Pediatric Discoid Lupus Erythematosus

Jeffrey P. Callen, MD reviewing Arkin LM et al. J Am Acad Dermatol 2015 Jan 30.

Clinical features, relationship to systemic disease, and risk for progression were assessed in a relatively large cohort of children.

Discoid lupus erythematosus (DLE) has been studied in adults, but its relative rarity in children has produced few studies documenting its clinical features and the risk for progression to systemic disease (SLE). In adults, the risk for serious end-organ damage (renal or central nervous system disease) is lower in patients with DLE than in unselected patients with SLE.

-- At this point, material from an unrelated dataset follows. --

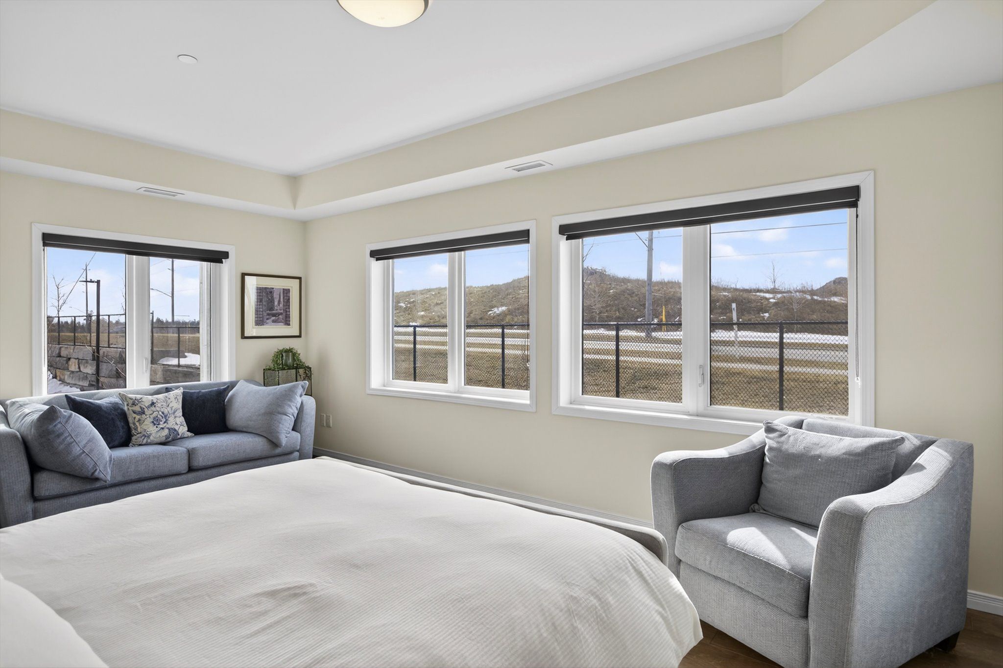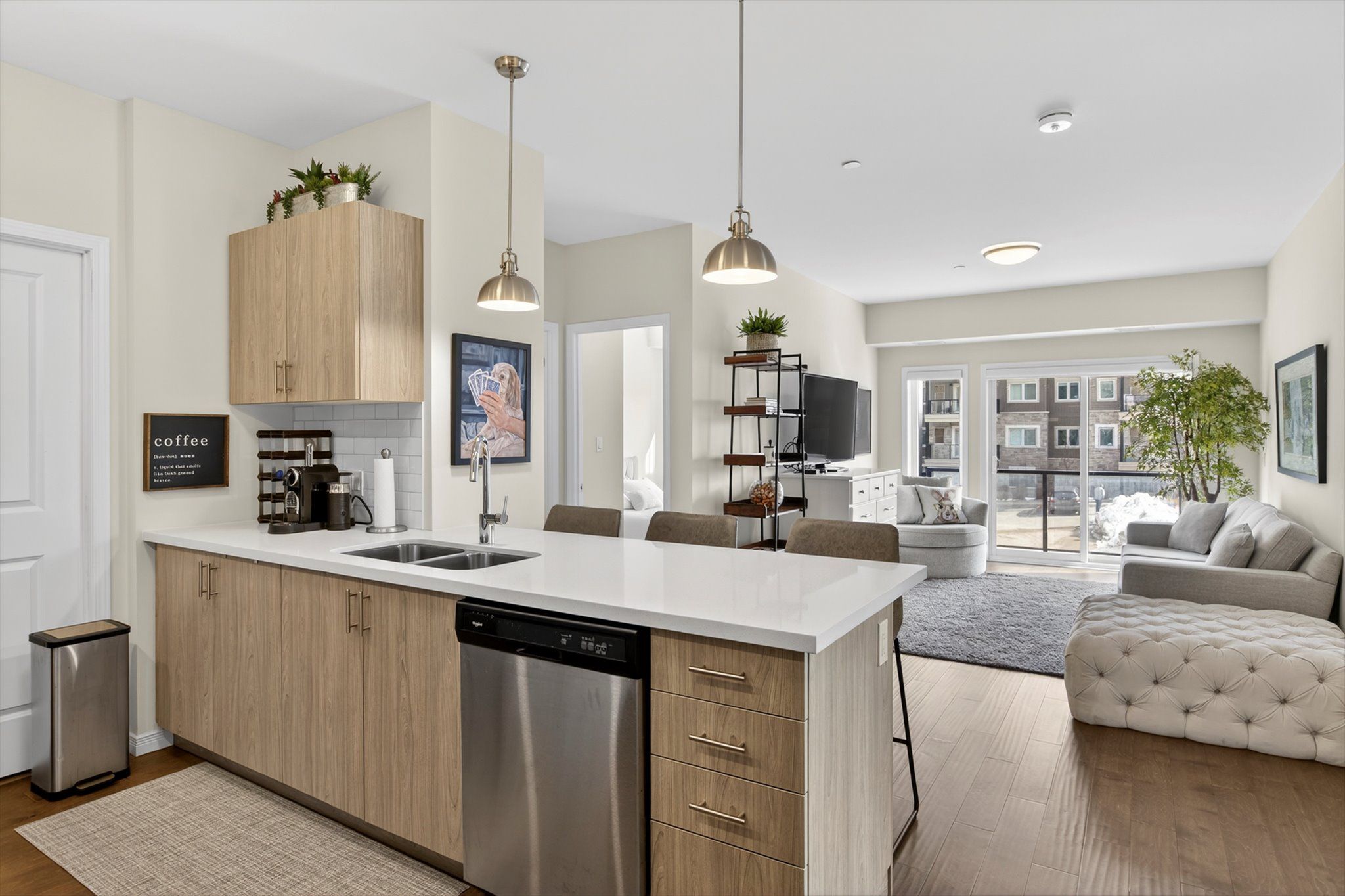 Bright corner unit modern design with 9ft high ceilings. Open concept floor plan, upgraded kitchen with quartz counter tops and breakfast bar, overlooks the spacious living/dining room which flows out to the spacious balcony. Perfect for entertaining while cooking on the bbq. Large bedrooms, primary bedroom features large walk-in closet and 4 pc en-suite, ideal split bedroom floor plan. Laundry/utility room offers room for additional storage. Included gas furnace, central a/c and it also includes one exclusive parking space with a low maintenance condo fees. Located in the prestige jackson creek meadows neighborhood very close to downtown peterborough and hospital, just a short walk to jackson park great for walks or hiking, easy access to hwy 115. View this property and you will love it!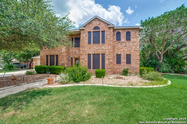 Home, Former Model Home, in Secluded Wind Gate Ranch Subdivision. Gated Community with Easy Access to Culebra Rd & Hwy-211, Enjoy Nearly 0.5-Acre Lot & Great Curb Appeal with Mature Landscaping & Handsome Brick Exterior. Enter to Foyer with Soaring Ceilings Flanked by Formal Dining Room & Separate Office/Media Room. Wonderful Main Living Room with High Ceilings, Woodburning Fireplace, & Large Windows for Lots of Natural Light. Gourmet Kitchen with Center Island, Newer Stainless Steel Appliances, Large Pantry, Great Cabinet Space, Breakfast Area with Access to Back Patio. Spacious Primary Suite Downstairs with Brand-New Carpet & Paint, Full Bathroom with Dual Vanities, Separate Tub/Walk-In Shower, & Huge Closet. Half-Bathroom & Laundry Room Downstairs with Washer/Dryer Connections. 4 Nicely-Sized Bedrooms & 2 Full Bathrooms Upstairs with New Carpet. Backyard Oasis with Large Patio Slab Overlooking Yard with Privacy Fence (Hot Tub not Operational). 2-Car Attached Garage with Opener. Pets Case-by-Case. Northside ISD.

These authors retrospectively reviewed the cases of 40 patients younger than age 16 years diagnosed with DLE at a tertiary referral center between 1995 and 2012. Of these patients, six had concurrent diagnoses of DLE and SLE. Of the remaining 34 patients, 9 developed SLE as defined by American College of Rheumatology criteria during the mean 5 years of follow-up, and 15 developed some serologic or laboratory features of SLE but did not fulfill the criteria. Ten patients had disease limited to skin only. The greatest risk for developing SLE was in the first year following DLE diagnosis. In most patients who did meet the criteria, the pertinent criteria were mucocutaneous disease combined with serologic abnormalities or cytopenias. The authors point out several limitations of their observations, including that patients seen at a tertiary referral center might be more likely to have systemic disease and the lack of long-term follow-up (many adolescents transition to adult care).

Citation(s):

Arkin LM et al. The natural history of pediatric-onset discoid lupus erythematosus. J Am Acad Dermatol 2015 Jan 30; [e-pub ahead of print].